Sunday, January 18, 2026

Bookshelf #13

This week's bookshelf is my IDW shelf...although, if you look closely, you'll pretty immediately realize there are a lot of comics on there that aren't from IDW too. 

To the left are my Teenage Mutant Ninja Turtles collections, the vast majority of which are from IDW. There are the first nine trade collections of writer Tom Waltz's run on the 2011-launched title ("Volume Five" of the Turtles' adventures), which is how long I stuck with it before I accepted that this particular reimagining just wasn't for me (Other fans obviously loved it, though, as Waltz kept writing the title for 64 issues after the last issue collected in Vol. 9).

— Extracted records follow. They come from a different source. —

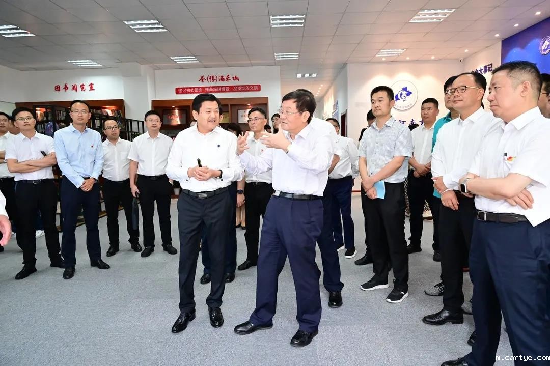 李永宪会长带领徐书记一行参观了科技孵化器、商会文化及党群服务中心建设,介绍了万纳神核控股集团企业情况及商会会员科技发展孵化器、商会委培班、智信管理、育(豫)苗行动、河南商会“四信”建设等内容,重点介绍了北斗七星格局的商会工作模式;党务红领、秘书长刘高宪介绍了数字党建和商会经济情况,商会的各项工作都得到了徐书记、陈书记的高度肯定和赞扬,并交待指导部等负责同志要总结、宣传好河南商会的创新实践经验。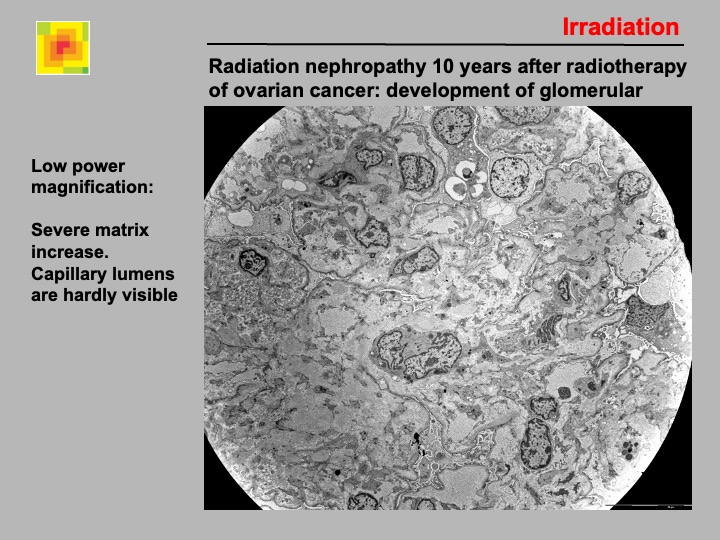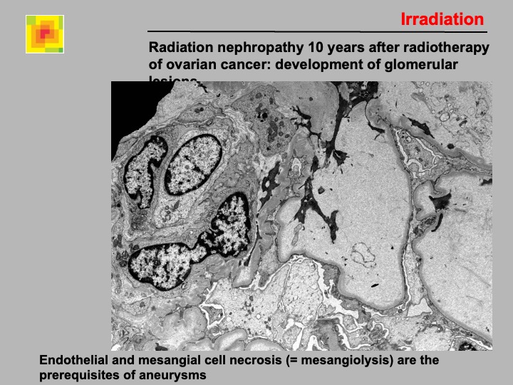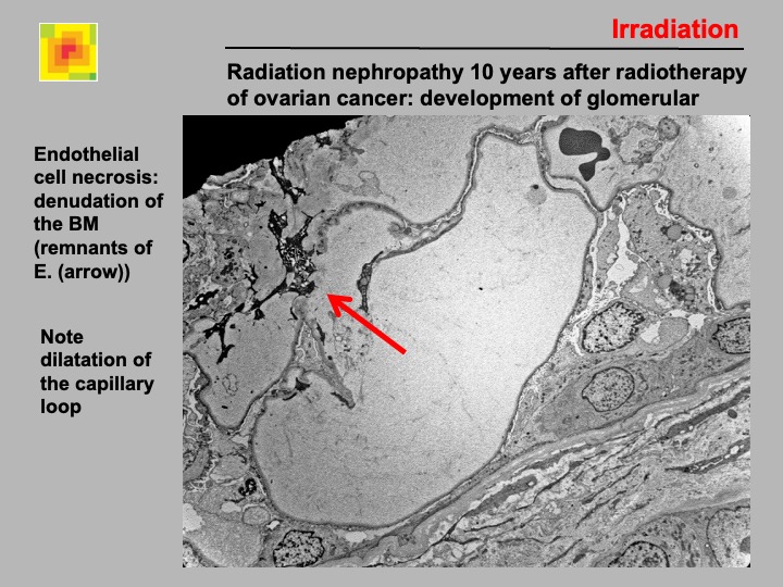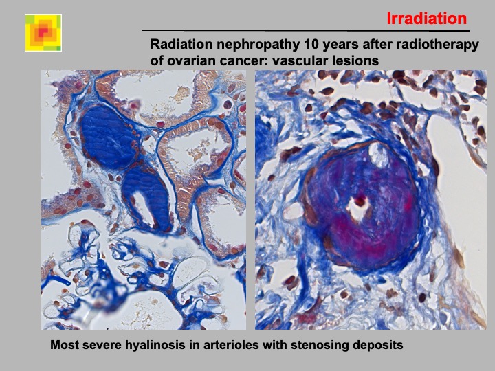 Arterioles and interlobular arteries are most severly affected by fibrin thrombi and/ or massive circular and often transmural protein deposits (arteriolar hyalinosis). The arteries may show a mucoid widening of the intimal layer and, rarely, foam cells. Endateritis is not a feature of radiation nephropathy, thrombi and arerial changes are.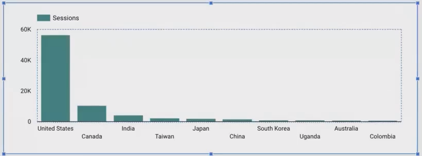 For instance, you could create a line chart with countries on the x-axis and sessions as the metric:

There are also all nine trade collections devoted to Sophie Campbell's run, which IDW relabeled as Teenage Mutant Ninja Turtles: Reborn for the trades. (These were much more my speed, but then, Campbell has been one of my favorite artists since I first encountered her work in 2006).

And there are some of the mini-series that spun out of IDW's main TMNT series, including Turtles in Time, Black, White & Green, Bebop & Rocksteady Destroy Everything and The Last Ronin. Oh, and some crossovers, featuring Batman, the Ghostbusters, the Power Rangers and the latest Usagi Yojimo pairing with Stan Sakai's Usagi Yojimbo (2023's Wherewhen, written and drawn by Sakai himself). 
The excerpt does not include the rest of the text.